# emerge fehler: media-gfx/sane-backends-1.0.22-r1

## Gladdle

Wie schon geschrieben lässt sich sane-backends (und ein paar andere) nicht installieren. Hier die build.log. Bislang habe ich alles versucht:

revdep-rebuild

update-etc

googeln....

Irgendwie stehe ich auf dem Schlauch, was habe ich falsch gemacht? Hier noch meine aktuelle emerge --info.

----------

## Robmaster

Du kannst den fehler umgehen indem du in die datei /etc/portage/package.use

media-gfx/sane-backends -v4l einträgst. Jetzt sollte es funktionieren.

Gruß

----------

## root_tux_linux

 *Gladdle wrote:*   

> Wie schon geschrieben lässt sich sane-backends (und ein paar andere) nicht installieren. Hier die build.log. Bislang habe ich alles versucht:
> 
> revdep-rebuild
> 
> update-etc
> ...

 

Du machst garnix falsch... Zu dem Problem gibts schon seit Wochen ein Bugreport.

https://bugs.gentoo.org/show_bug.cgi?id=356919

----------

## Gladdle

Vielen Dank für die Hilfe. Als temporaere Lösung ist es in Ordnung, aber selbst das neu emergen von "libv4l" hat nichts gebracht um das Problem dauerhaft zu entfernen.

Nun macht kde-base/marble-4.6.4 Probleme: build.log. Hat hier jemand eine Idee?

----------

## franzf

Welche gpsd-Version ist installiert?

----------

## Gladdle

 *Quote:*   

> *  sci-geosciences/gpsd
> 
>       Latest version available: 2.96
> 
>       Latest version installed: 2.96
> ...

 

Auch nach dem neu emergen dieses Packetes bringt Marble noch Fehler.

Ich habe den Post mit dem Bug erst jetzt gelesen, gut zu wissen. Ich werde es dann mal temporär in der package.use behalten.

----------

## franzf

Kannst du mal den Inhalt von /usr/include/libgpsmm.h posten? (Rein aus Interesse)
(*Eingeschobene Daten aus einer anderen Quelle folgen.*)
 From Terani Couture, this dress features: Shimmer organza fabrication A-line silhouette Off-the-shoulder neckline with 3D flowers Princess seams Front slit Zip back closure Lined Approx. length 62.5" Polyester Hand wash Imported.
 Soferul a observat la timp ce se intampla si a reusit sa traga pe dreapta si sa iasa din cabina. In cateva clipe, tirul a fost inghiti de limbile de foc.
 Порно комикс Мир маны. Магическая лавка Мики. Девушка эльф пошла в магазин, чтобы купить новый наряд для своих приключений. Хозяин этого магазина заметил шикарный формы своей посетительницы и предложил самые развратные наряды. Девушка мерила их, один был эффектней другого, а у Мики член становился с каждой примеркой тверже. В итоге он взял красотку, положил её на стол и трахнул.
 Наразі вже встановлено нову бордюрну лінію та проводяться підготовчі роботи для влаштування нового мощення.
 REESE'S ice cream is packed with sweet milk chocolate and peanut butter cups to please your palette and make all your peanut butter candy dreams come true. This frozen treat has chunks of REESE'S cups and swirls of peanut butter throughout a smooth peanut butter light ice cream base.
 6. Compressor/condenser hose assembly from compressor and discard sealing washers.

Ich hab grad mal gpsd-2.95-r1 installiert, und in der Datei exisitieren die Funktionen in der Form, wie es marble will - Downgrade sollte also helfen.

// edit:

Yepp, hab grad noch die 2.96 installiert - der Konstruktor ohne Parameter existiert nur wenn __UNUSED__ definiert ist, open() gibts gar nimmer.
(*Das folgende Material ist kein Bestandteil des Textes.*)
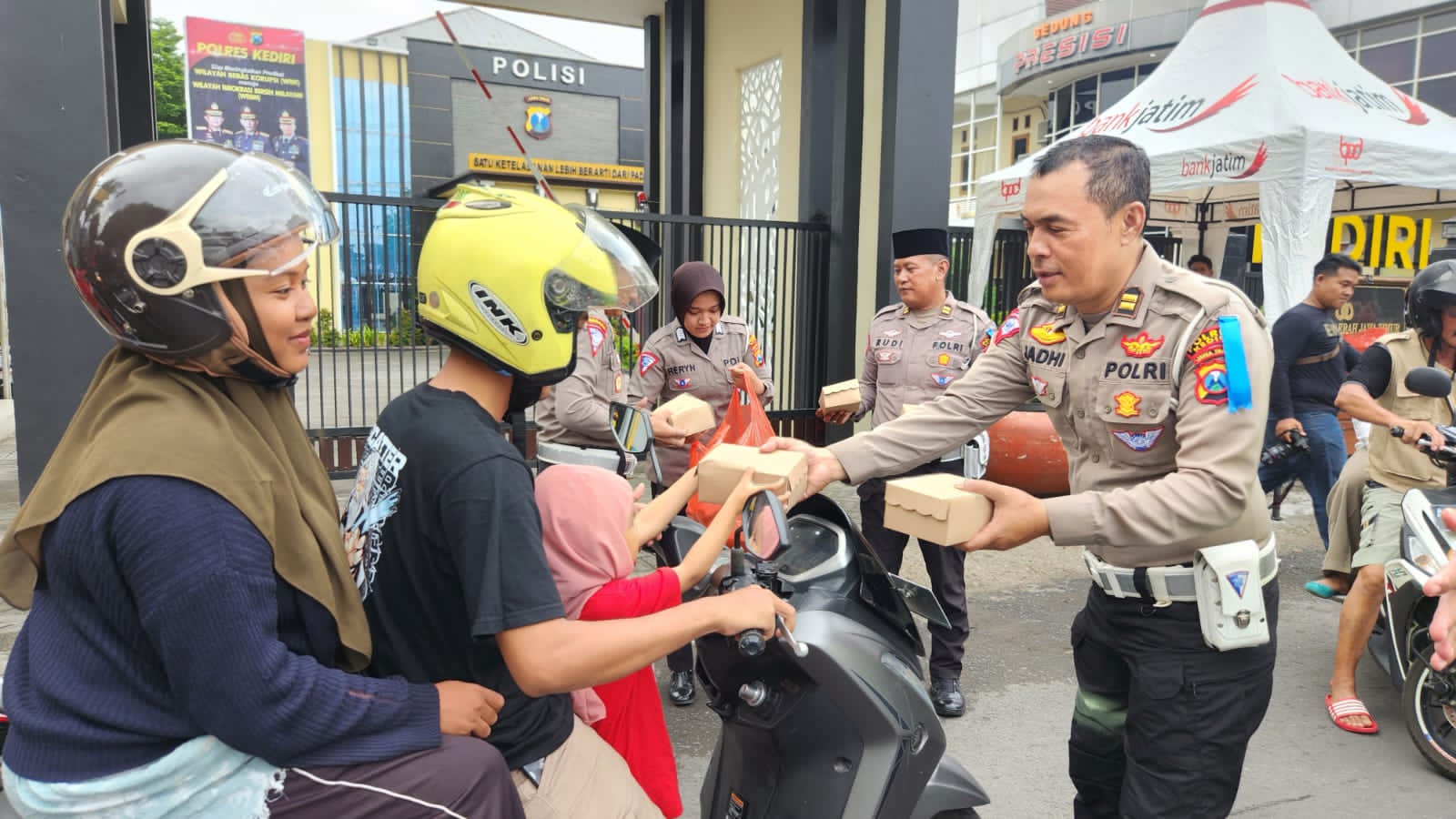 “Hari ini kami dari Satlantas polres Kediri membagikan takjil gratis kepada pengguna jalan sebagai bentuk syukur kami kepada Allah SWT karena masih dipertemukan dengan bulan Ramadan dan semoga apa yang kami lakukan menjadi berkah memberi manfaat yang baik bagi diri kami dan masyarakat, karena dengan berbagi hidup menjadi lebih berarti. Terang Kasat Lantas Polres Kediri.

Also: 2.95-r1 installieren und nen Bugreport aufmachen, dass marble-4.6.4 genau diese Version benötigt.

// edit2:

Bugreport existiert schon  :Smile: 

https://bugs.gentoo.org/show_bug.cgi?id=367571

----------

## Robmaster

Auch diesen fehler kannst du umgehen.

Einfach in die package.use kde-base/marble-4.6.4 -gps eintragen.

emerge -C gpsd && emerge marble

----------

## franzf

 *Robmaster wrote:*   

> Auch diesen fehler kannst du umgehen.
> 
> Einfach in die package.use kde-base/marble-4.6.4 -gps eintragen.
> 
> emerge -C gpsd && emerge marble

 

Klar, wenn es Probleme mit einem bestimmten USE-Flag gibt, kann man das immer abschalten. Weg des geringsten Widerstands...

Aber gerade in diesem Fall ist die Lösung doch recht leicht: gpsd aus der package.keywords rausnehemn, bzw. die 2.96 masken.

Man könnte sich aber auch an der potentiellen Lösung auf bugs.gentoo.org beteiligen  :Smile: 

----------

## Robmaster

Hast schon recht, aber wenn er kein GPS support in marbel wünscht brauch er auch keine pakete maskieren. Also ich setzte nur die flags , die ich auch wirklich benötige.

----------

## Gladdle

Ich war krank über das Wochenende daher die späte Antwort.

 *franzf wrote:*   

> Kannst du mal den Inhalt von /usr/include/libgpsmm.h posten? (Rein aus Interesse)

 

Hier bitte sehr: http://phpmygentoo.rainyday-productions.de/acer-aspire-9920g/libgpsmm.h.txt

 *Robmaster wrote:*   

> Auch diesen fehler kannst du umgehen.
> 
> Einfach in die package.use kde-base/marble-4.6.4 -gps eintragen.

 

Habe ich gemacht, funktioniert nun, vielen Dank!

 *Robmaster wrote:*   

> Hast schon recht, aber wenn er kein GPS support in marbel wünscht brauch er auch keine pakete maskieren. Also ich setzte nur die flags , die ich auch wirklich benötige.

 

Ich habe an dem Notebook aber eine GPS Maus dran  :Wink: 

----------